If this sounds like you, there are some quantifiable ways to determine whether you need a bigger space or a second location. Get the data points you need to grow and thrive. Here are some ways to make this big—and very exciting—decision.

Be sure you’re at max capacity.

Before diving into a real estate search or knocking down any walls, make sure you’re maximizing the space you already have. To do this, figure out your sales per square foot. Use this formula to calculate:

Sales Volume ÷ Sales per Square Foot = Selling Space

Knowing your ideal selling space can give you a benchmark by which to make your decision. The higher your dollar per square foot, the better.

Then, use your sales per square foot to benchmark against others in your industry. To find data to compare with your figure, check out similar businesses using Clover Insights, ask retail trade associations or trade analysts, or do some research at the public library. If your sales number seems low for the amount of space you already have, consider reconfiguring your store layout, upselling, or item bundling.

Is your increased demand specific to your location?

Once you’ve ascertained that you’ve gotten the most bang for your buck in your current space, the question remains: what’s the best way to branch out? Should you find more space, or open a second location?

Use your sales per square foot equation to work backwards and figure out how much more space you need to reach a certain profit mark. You don’t want too much space, as your store might look empty and less inviting. However, too little space can feel cramped and crowded—also not appealing. Need just a few extra feet? See if you can expand the footprint of your current location or stay in the same area. Experts say location trumps size every time. Staying in the same area reduces your advertising costs—you won’t need to start from scratch to get customers to find you.

Dig into what makes your first location successful.
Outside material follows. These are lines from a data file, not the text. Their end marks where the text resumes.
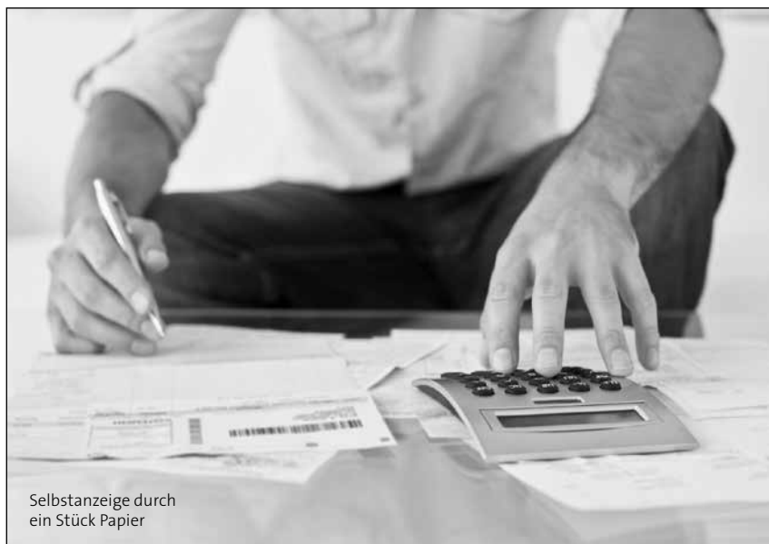
Selbstanzeige durch ein Stück Papier

Allerdings gibt es für den „Anzeiger“ seit 2010 eine wesentliche Erleichterung: Wenn der Täter die Umsatzsteuer im laufenden Jahr wissentlich nicht bezahlt hat oder zumindest bedingt vorsätzlich keine UVAs eingereicht hat, aber anschließend die korrekte Umsatzsteuerjahreserklärung unterschreibt, gilt er als „Anzeiger“. Für ihn erübrigt sich eine gesonderte Täternennung, die oft vergessen wurde. ●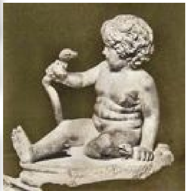
Héraclès enfant étouffant les serpents

Car il vient de se battre et de tuer tous les Géants.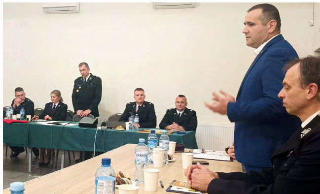
Zebranie sprawozdawczo-wyborcze w OSP Szewce

Ostatnie zebranie sprawozdawczo-wyborcze odbyło się 28 marca 2026r. jednostki OSP Szewce-Zawada. Podczas spotkania udzielono jednogłośnie absolutorium ustępującemu Zarządowi i dokonano wyboru nowego Zarządu, który ukonstytuował się w składzie: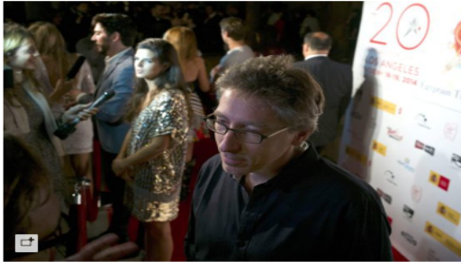
David Trueba, el jueves en el festival de cine español de Los Ángeles. Al fondo, Clara Lago y Paco León.

Archivado en: David Trueba Premios Oscar Hollywood Los Ángeles Cine americano Premios cine Academia Cine California Cine español Industria cine Estados Unidos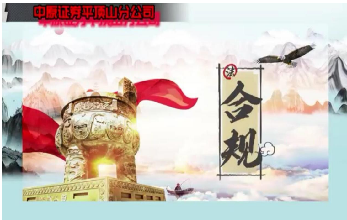
《合规人人有责、合规创造价值》视频图

为贯彻落实中国证监会关于证券行业文化建设部署、党委会决议精神和公司文化建设管理办法，促进公司合规文化建设，合规管理总部联合战略发展部举办了以“合规人人有责、合规创造价值”为主题的合规文化宣传素材制作评比活动，本人制作的“合规人人有责、合规创造价值(视频)”获得奖项。

Are you near a transit hub, or a convenient intersection? Has word spread in the neighborhood that you are the best at what you do? Is there limited competition? If these answers are all yes, it may be better to expand your space but keep it where it is. Clover Insights can surface your business’s specific characteristics and provide you deep understanding of where the best location might be relative to your existing customers.

Are you ready to make the leap toward a second location?

If you need a lot more space, and your success isn’t specific to your location, then open another shop! Once you decide you need a second location, there’s a whole new set of questions to consider.

Use the estimate of the size of the square footage you need to do some cost-benefit analysis. See how much more in sales (revenue) you will need to cover things like rent or mortgage on the second location, a second manager or team of staff, and increased inventory costs. Opening a second location comes with a lot of overhead costs: can your increased demand cover those costs and still leave you with a profit? Don’t forget to include in your rent estimate things like the cost of utilities, maintenance, property insurance or fees and possible rent increases.

Many retailers are financially ready to invest in an expansion, but may not be business-ready. Make a hiring plan, think about how you will keep your company culture consistent, and build your brand outreach before opening in a new place. Better yet? Try a pop-up.

Try before you buy.

Many retailers find it helpful to double-check their own business assumptions with a temporary pop-up shop. This can be a good way to explore a new neighborhood and see if increased demand is sustainable.

A pop-up shop is also a way to see how steep competition is in your new location. Analyze your competition with this handy guide to see if the demand you’ve come to expect will be as consistent and reliable as in your first location. If it doesn’t seem like your business is easily replicable in a new neighborhood, scale back and keep doing what’s already working!